St. Francis de Sales had this to say:
“To love God’s will in consolations is a good love when it is truly God’s will we love and not the consolation wherein it lies. Still, it is a love without opposition, repugnance, or effort. Who would not love so worthy a will in so agreeable a form? To love God’s will in His commandments, counsels, and inspirations is the second degree of love and it is much more perfect. It carries us forward to renounce and give up our own will, and enables us to abstain from and forbear many pleasures, but not all of them. To love suffering and affliction out of love for God is the summit of most holy charity. In it nothing is pleasant but the divine will alone; there is great opposition on the part of our nature; and not only do we forsake all pleasures, but we embrace torments and labors.”
In other words, it is easy to love God and His Holy Will for us when things are going well, especially when we love Him for His sake and not the goods we receive from Him.
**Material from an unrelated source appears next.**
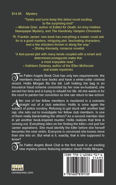 The Fallen Angels Book Club has only two requirements: the members must love books and have a white-collar criminal record. Hollis Morgan fits the bill. Left holding the bag in an insurance fraud scheme concocted by her now ex-husband, she served her time and is trying to rebuild her life. All she wants is for the court to pardon her conviction so she can return to law school. After one of her fellow members is murdered in a scenario straight out of a club selection, Hollis is once again the subject of police scrutiny. Refusing to get stuck with another bad rap, she sets out to investigate her fellow club members. Is one of them really blackmailing the others? As a second member dies in yet another book-inspired murder, Hollis realizes that time is running out. Everything rides on her finding the killer-not just her career aspirations. She must identify the killer before she herself becomes the next victim. Everyone is convinced she knows more than she lets on. But what is it, exactly, that is she supposed to know? The Fallen Angels Book Club is the first book in an exciting new mystery series featuring amateur sleuth Hollis Morgan.

It’s quite another thing to love Him when we are suffering, when the whole world seems to be against us, when we are brow-beaten and worn. To see that the only good we have in those times is that we are doing His Will and to love the affliction upon us simply because His Divine Will is being done, is to love God beyond all measure. This is precisely what Jesus did on the cross. When we do the same, we are imitatio Christi, in imitation of Christ, which is a hallmark of discipleship.